The boundaries of the cemetery are not marked, except for an iron gate with short sections of chain link fence at the entrance. A steep bank sloping from the cemetery down 94th Street forms an obvious topographic boundary to the east, but it was not known whether burials were present up to the edge of the slope. In other directions, there are no features that would suggest a distinct boundary, and the property boundaries are rather distant.

Figure 1. Wyandotte County Cemetery project area showing geophysical survey and subsurface testing areas (after Schoen 2006).

A relatively flat area of high ground adjacent to 94th Street was thought to be the oldest portion of the cemetery. A number of large trees and a monument consisting of a wooden cross on a stone and concrete monument were present in this area. A road entering the gate of the cemetery forms a loop to the west of this area. The more recent burial plots were thought to be within and perhaps surrounding the loop of the road, in the open grassy area sloping down to the west from this high ground.

Soils in the project area were observed to be silt loam to silty clay loam of aeolian origin (loess). Erosion and cultivation has resulted in relatively thin topsoil at the tops and upper slopes of landforms. Although different soil types are reported within the project area (Zavesky and Boutright (1977), they may be considered a relatively homogeneous background relative to the scale of cemetery patterning.

Methods

Magnetic field gradient and electrical resistance survey were selected as the methods most likely to detect Historic/Modern graves and other associated patterning in this setting. The use of multiple methods increases the likelihood that features will be detected, and can greatly enhance interpretability. Because each geophysical method responds to different properties, multiple data sets are complementary rather than redundant.

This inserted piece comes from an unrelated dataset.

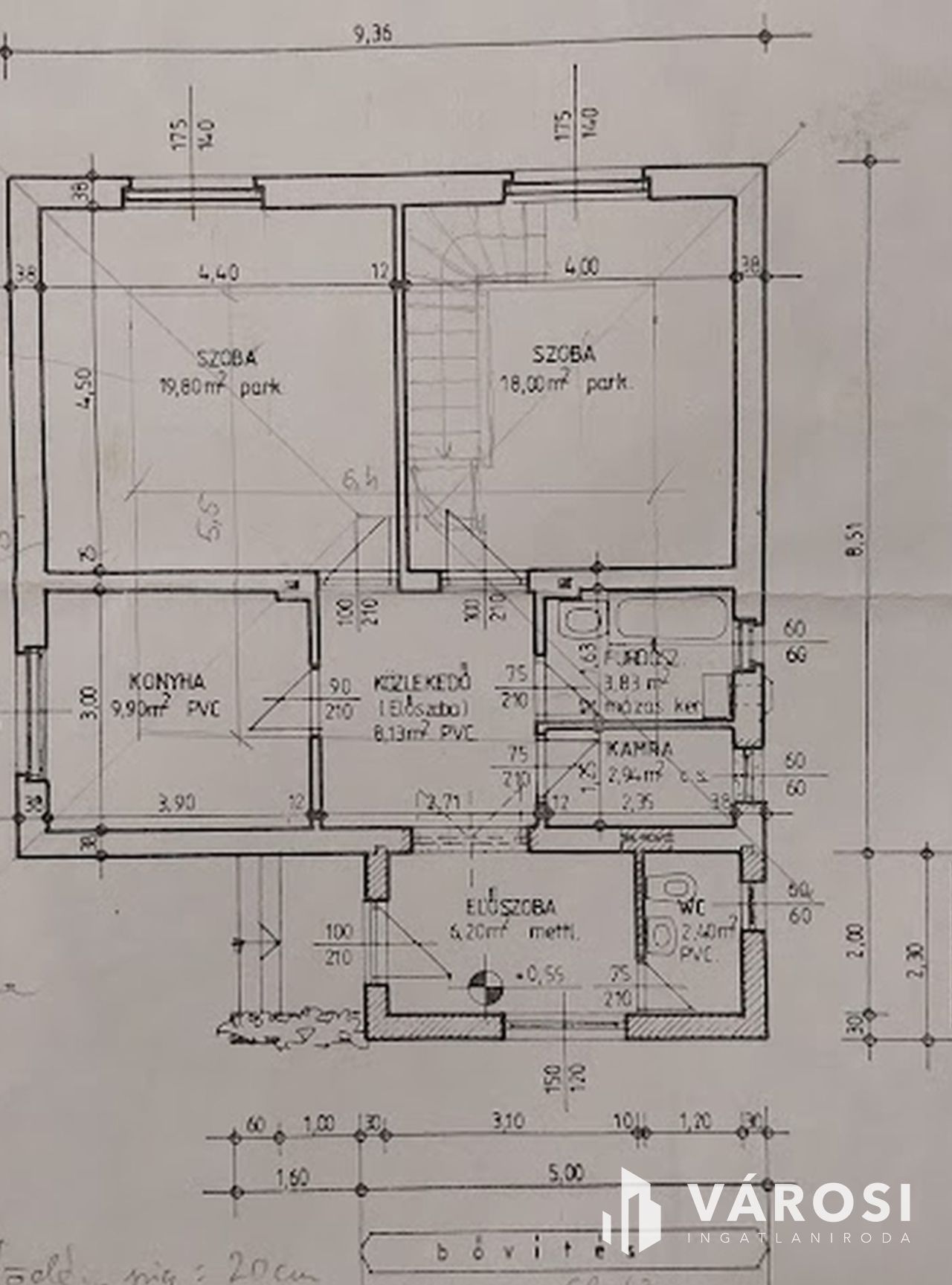 Az utcafronti ingatlan 2 szoba, konyha, fürdőszoba, külön wc található, illetve mosókonyha és spájz is.

Although ground penetrating radar is often used to search for historic graves, it was not employed at the Wyandotte County Cemetery because local soils were unsuited to its use. Fine-grained sediments, such as the loess at the Wyandotte Cemetery, generally have a high electrical conductivity. Highly conductive soils cause excessive attenuation (conductive loss) of the GPR signal, limiting both depth of investigation and resolution (Annan and Cosway 1992). Practical experience indicates that typical archaeological features are unlikely to be detected at any depth where the conductivity is greater than 35 mS/m (although the specific value is arbitrary, it is quite conservative). The readings of the electrical resistance meter can be used to determine conductivity, which was found to exceed this threshold throughout the survey area.

The survey area was divided into a number of square or rectangular survey "grids" of varying sizes up to 30-x-30m. Each grid was surveyed by taking readings at regular intervals along regularly spaced transects. Successive transects were surveyed in a zigzag pattern until the grid was completed. The value and position of each data point was automatically recorded in digital format, and later downloaded to a portable computer.

Magnetic field gradient survey

Magnetic surveys are unsuited to many cemetery contexts because igneous rock (as monuments or occurring naturally) and ferrous metal are often ubiquitous. In the case of the Wyandotte County Cemetery, however, only two grave markers were known, and if present below the surface, these materials might be indicative of cemetery patterning.

Magnetic survey was conducted using a Geoscan Research FM256 fluxgate gradiometer at a data sample density of 8 points (each representing 4 stacked readings) per square meter. Data were collected at 0.5m transect intervals, with four samples recorded per linear meter. Anticipated magnetic survey targets included buried grave markers, steel caskets, reinforced concrete vaults, and former fences. The instrument can also detect more subtle anomalies caused by concrete or organically enriched, disturbed, or compacted soils, although these subtle anomalies are often obscured by the more intense fields associated with materials such as brick, metal, or igneous rock, and by post-depositional disturbance. The gradiometer (as opposed to single-sensor) configuration minimizes the obscuring effects of these materials, while enhancing the resolution of small, subtle features. The effective radius of response of this instrument to subtle features may be less than a meter, but objects having greater magnetic moment (such as steel caskets) may be detected at greater depth.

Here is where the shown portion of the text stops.